Friedrich von Hayek wrote of the influence of monetary inflation to business profits (and to stocks). (bold emphasis mine)

Now the chief effect of inflation which makes it at first generally welcome to business is precisely that prices of products turn out to be higher in general than foreseen. It is this which produces the general state of euphoria, a false sense of wellbeing, in which everybody seems to prosper. Those who without inflation would have made high profits make still higher ones. Those who would have made normal profits make unusually high ones. And not only businesses which were near failure but even some which ought to fail are kept above water by the unexpected boom. There is a general excess of demand over supply--all is saleable and everybody can continue what he had been doing…

But, and this brings me to my next point, "full employment" in his sense requires not only continued inflation but inflation at a growing rate. Because, as we have seen, it will have its immediate beneficial effect only so long as it, or at least its magnitude, is not foreseen. But once it has continued for some time, its further continuance comes to be expected. If prices have for some time been rising at five percent per annum, it comes to be expected that they will do the same in the future. Present prices of factors are driven up by the expectation of the higher prices for the product--sometimes, where some of the cost elements are fixed, the flexible costs may be driven up even more than the expected rise of the price of the product--up to the point where there will be only a normal profit.

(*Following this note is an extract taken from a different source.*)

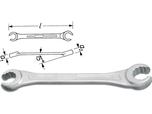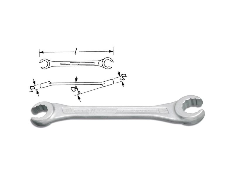 · Til rør forskruninger, omløbermøtrikker og -skruer. · Hoveder vinklet 15°. · Med 30° (dobbelt- 6KT. 15° med slids). Bemærk: til arbejde på bremserørene se HAZET 612 N. · Overflade: Forkromet. · DIN 3118 Made in Germany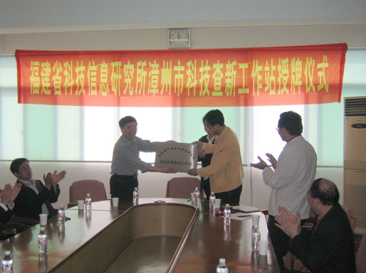 福建省科技信息研究所所長、研究員朱祥枝同志為“漳州科技查新工作站”授牌,并舉行了現(xiàn)場簽字儀式。漳州市科技局局長徐建成同志出席了授牌儀式。

But if prices then do not rise more than expected, no extra profits will be made. Although prices continue to rise at the former rate, this will no longer have the miraculous effect on sales and employment it had before. The artificial gains will disappear, there will again be losses, and some firms will find that prices will not even cover costs. To maintain the effect inflation had earlier when its full extent was not anticipated, it will have to be stronger than before.

So like users of illegal substance, more and more inflationism will be needed to sustain the current sanguine conditions of profits.

Nevertheless with almost every major central banks in a renewed easing mode (QEs and lowering of interest rates), my guess is that we could be at the next phase of the business cycle. And importantly, consumer price inflation will pose more of a risk than of an economic slowdown as projected by the mainstream. Again the boom bust process at work.